Your task
In the entries below, find the line containing "Ceramic Cardinal Pine" and the line containing "Pour chaque langue, vous". Copy those two lines and everything between them exactly, without the pictures.

Supplied data
◇ ◇ ◇
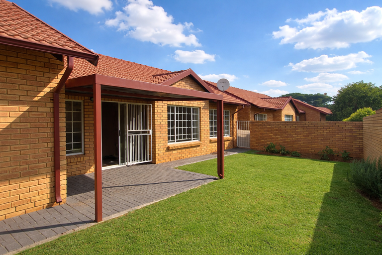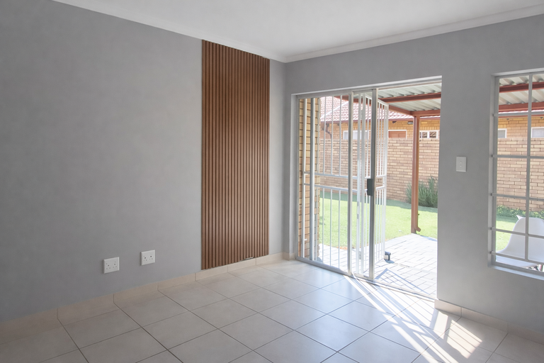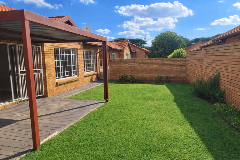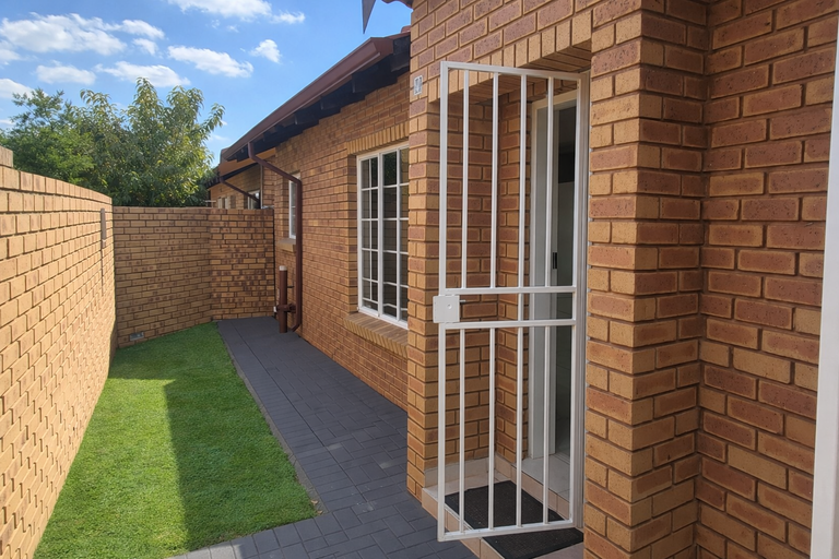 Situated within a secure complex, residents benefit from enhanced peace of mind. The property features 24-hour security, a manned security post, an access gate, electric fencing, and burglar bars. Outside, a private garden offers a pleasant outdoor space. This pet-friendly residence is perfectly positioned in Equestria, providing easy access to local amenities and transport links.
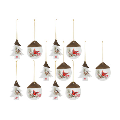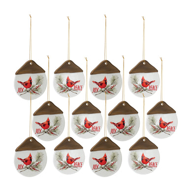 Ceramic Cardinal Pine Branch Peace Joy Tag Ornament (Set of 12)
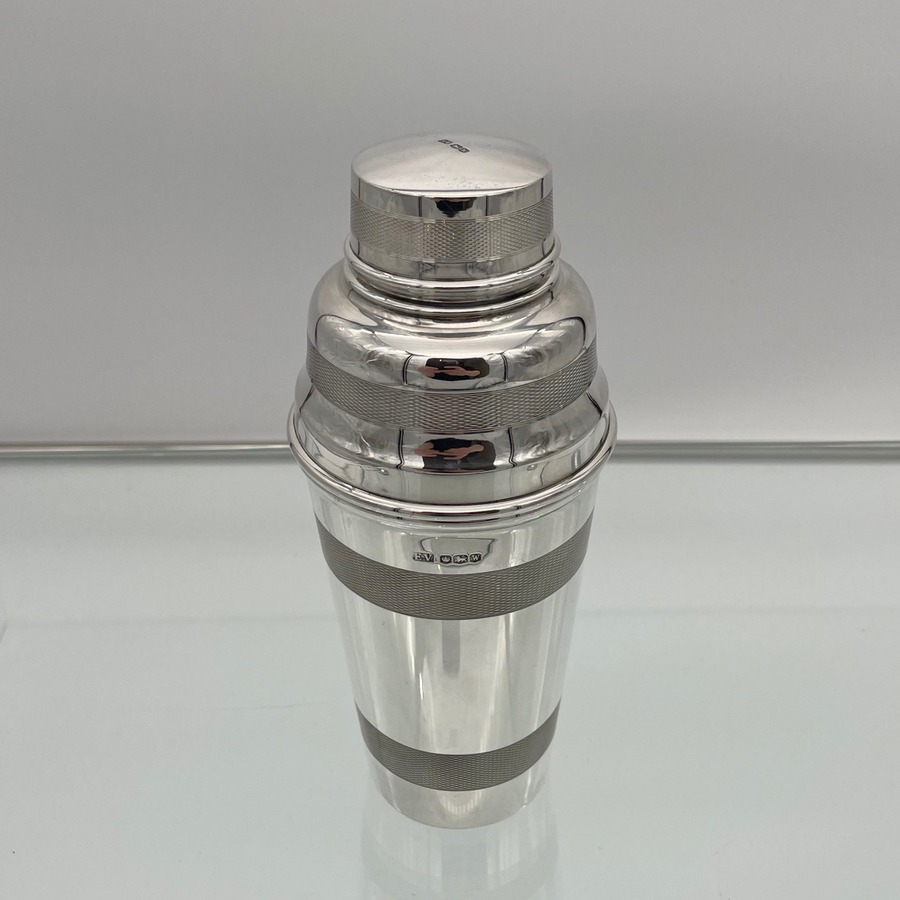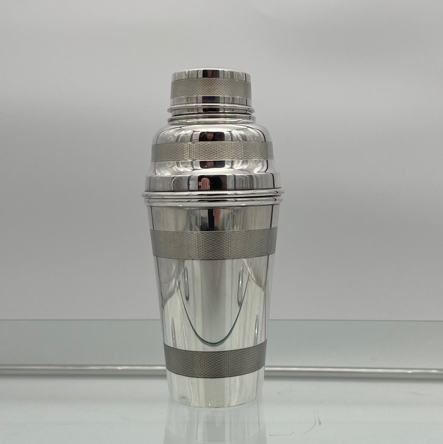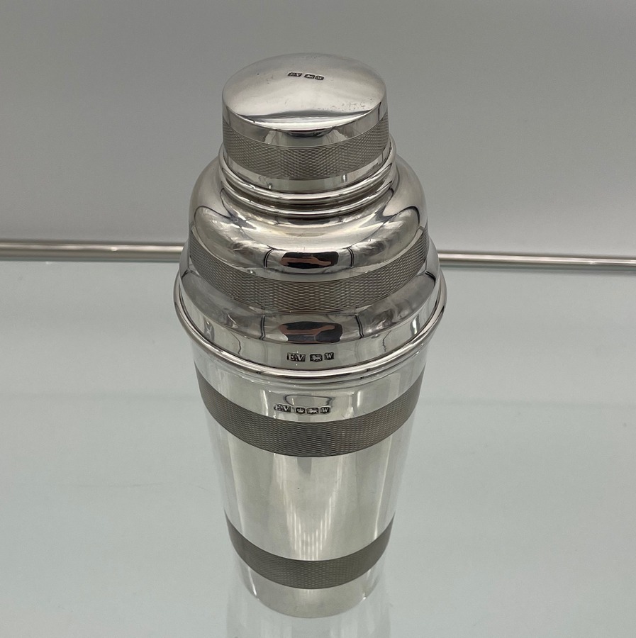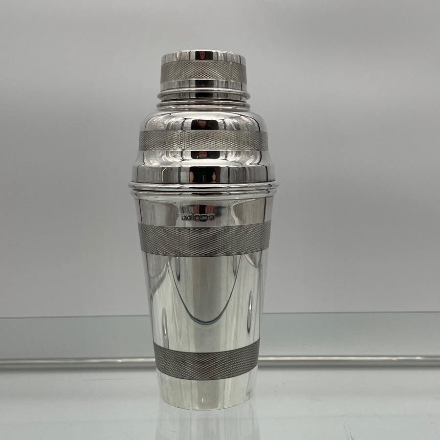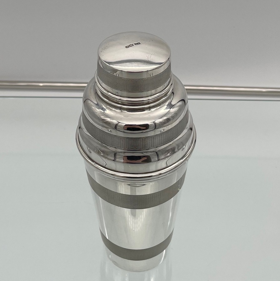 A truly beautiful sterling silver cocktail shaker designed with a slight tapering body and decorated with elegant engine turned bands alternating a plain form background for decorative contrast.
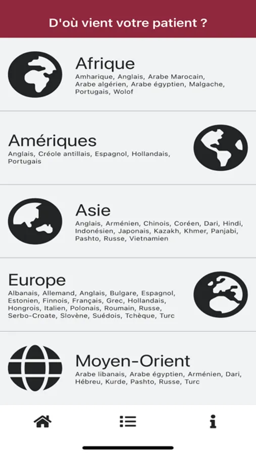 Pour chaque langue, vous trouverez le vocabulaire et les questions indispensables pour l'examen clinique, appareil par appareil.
◇ ◇ ◇
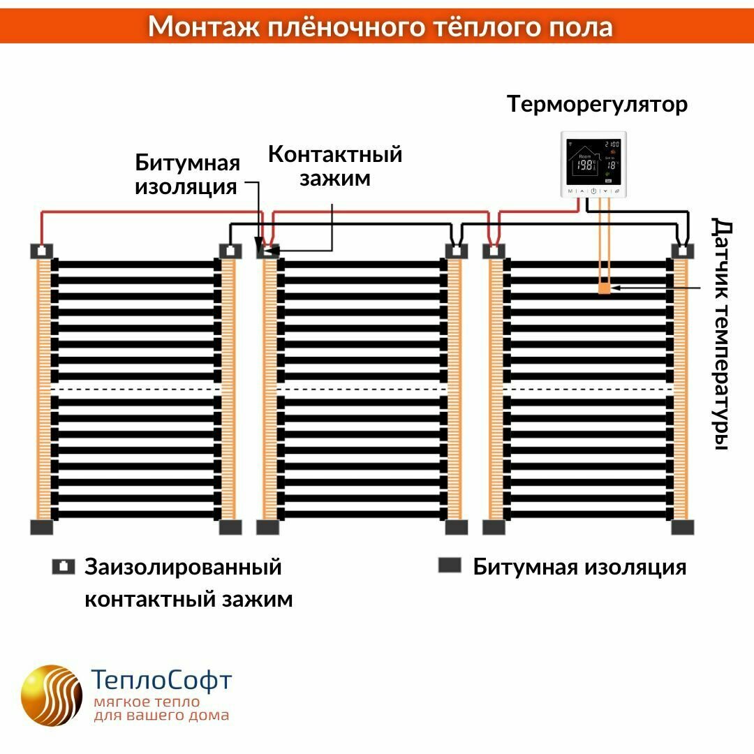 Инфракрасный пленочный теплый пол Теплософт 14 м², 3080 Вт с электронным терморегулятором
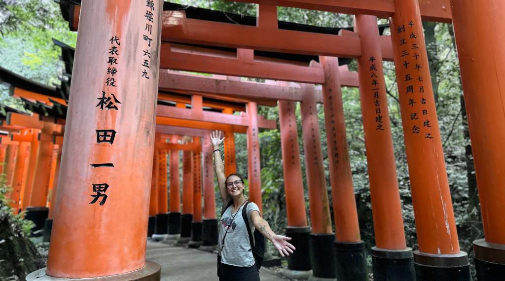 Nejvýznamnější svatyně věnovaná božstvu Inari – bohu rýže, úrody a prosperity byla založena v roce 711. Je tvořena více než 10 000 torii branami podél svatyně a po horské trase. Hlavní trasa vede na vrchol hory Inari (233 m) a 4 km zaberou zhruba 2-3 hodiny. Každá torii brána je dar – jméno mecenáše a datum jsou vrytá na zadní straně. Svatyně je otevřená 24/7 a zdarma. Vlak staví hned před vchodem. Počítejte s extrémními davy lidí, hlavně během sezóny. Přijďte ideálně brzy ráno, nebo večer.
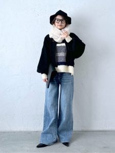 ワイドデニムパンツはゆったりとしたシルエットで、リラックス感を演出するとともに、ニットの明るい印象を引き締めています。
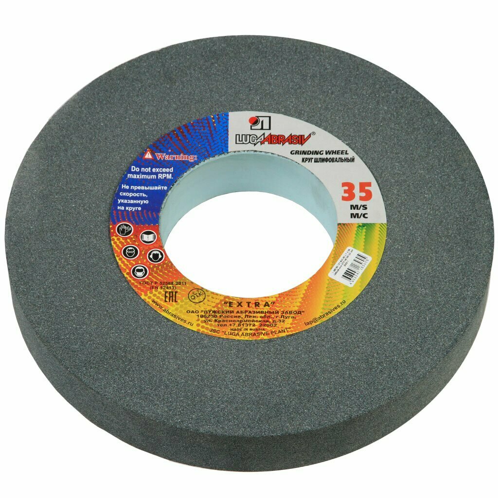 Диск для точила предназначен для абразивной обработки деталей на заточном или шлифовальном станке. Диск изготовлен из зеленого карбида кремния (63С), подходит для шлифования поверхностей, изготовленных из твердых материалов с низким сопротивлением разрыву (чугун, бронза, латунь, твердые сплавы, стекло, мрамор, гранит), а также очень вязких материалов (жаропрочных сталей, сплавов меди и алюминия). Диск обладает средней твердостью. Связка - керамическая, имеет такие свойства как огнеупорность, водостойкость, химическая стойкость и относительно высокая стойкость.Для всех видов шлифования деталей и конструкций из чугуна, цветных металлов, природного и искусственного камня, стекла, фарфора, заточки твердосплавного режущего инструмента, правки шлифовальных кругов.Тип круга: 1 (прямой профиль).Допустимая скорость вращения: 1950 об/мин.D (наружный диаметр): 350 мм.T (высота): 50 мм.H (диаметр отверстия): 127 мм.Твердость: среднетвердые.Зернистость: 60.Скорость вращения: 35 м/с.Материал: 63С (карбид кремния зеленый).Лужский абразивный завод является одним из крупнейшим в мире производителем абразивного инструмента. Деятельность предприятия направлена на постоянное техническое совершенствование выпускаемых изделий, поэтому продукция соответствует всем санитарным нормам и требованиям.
◇ ◇ ◇
Task answer
 Ceramic Cardinal Pine Branch Peace Joy Tag Ornament (Set of 12)
 A truly beautiful sterling silver cocktail shaker designed with a slight tapering body and decorated with elegant engine turned bands alternating a plain form background for decorative contrast.
 Pour chaque langue, vous trouverez le vocabulaire et les questions indispensables pour l'examen clinique, appareil par appareil.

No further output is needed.